── Input data ──
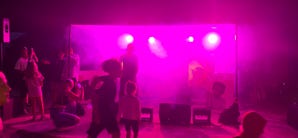 Grund dafür waren Freunde, die uns fragten, ob sie sich nicht mal unsere Lautsprecher und Lichter, die wir wegen unserer Band besaßen, für ihren Geburtstag ausleihen können. Natürlich, die Technik steht bei uns daheim rum. Gleichzeitig war David mit „Dunnäkeil“ auf ihrer Kindergartentour als Techniker unterwegs.
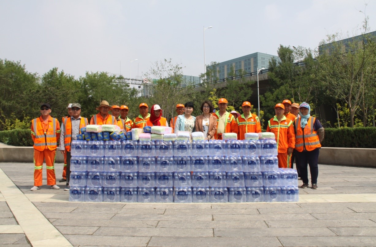 2018年6月12日下午,沈陽防銹向皇姑區(qū)環(huán)衛(wèi)及市水務(wù)集團一線工作者們進行慰問,并捐贈了一批礦泉水、毛巾和工作手套。沈陽防銹總經(jīng)理劉艷霞、皇姑區(qū)首府城管一所所長周雪梅、副所長白冰、市水務(wù)集團施工單位領(lǐng)導(dǎo)共同參加了慰問捐贈活動。
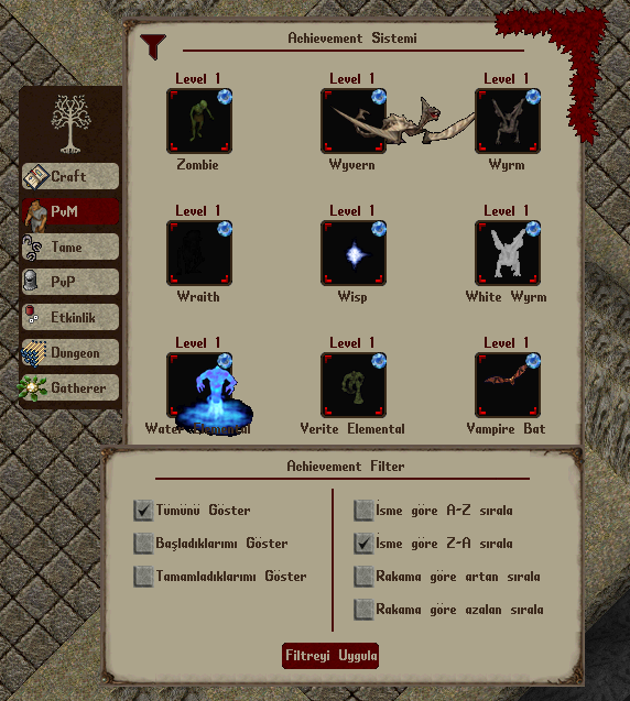 PvP Achievement'ları tamamen oyuncu öldürme odaklı bir ilerleme sistemidir.
───
## The problem:
Copy out every line above without change, dropping the pictures.

## Solution for this task:
 Grund dafür waren Freunde, die uns fragten, ob sie sich nicht mal unsere Lautsprecher und Lichter, die wir wegen unserer Band besaßen, für ihren Geburtstag ausleihen können. Natürlich, die Technik steht bei uns daheim rum. Gleichzeitig war David mit „Dunnäkeil“ auf ihrer Kindergartentour als Techniker unterwegs.
 2018年6月12日下午,沈陽防銹向皇姑區(qū)環(huán)衛(wèi)及市水務(wù)集團一線工作者們進行慰問,并捐贈了一批礦泉水、毛巾和工作手套。沈陽防銹總經(jīng)理劉艷霞、皇姑區(qū)首府城管一所所長周雪梅、副所長白冰、市水務(wù)集團施工單位領(lǐng)導(dǎo)共同參加了慰問捐贈活動。
 PvP Achievement'ları tamamen oyuncu öldürme odaklı bir ilerleme sistemidir.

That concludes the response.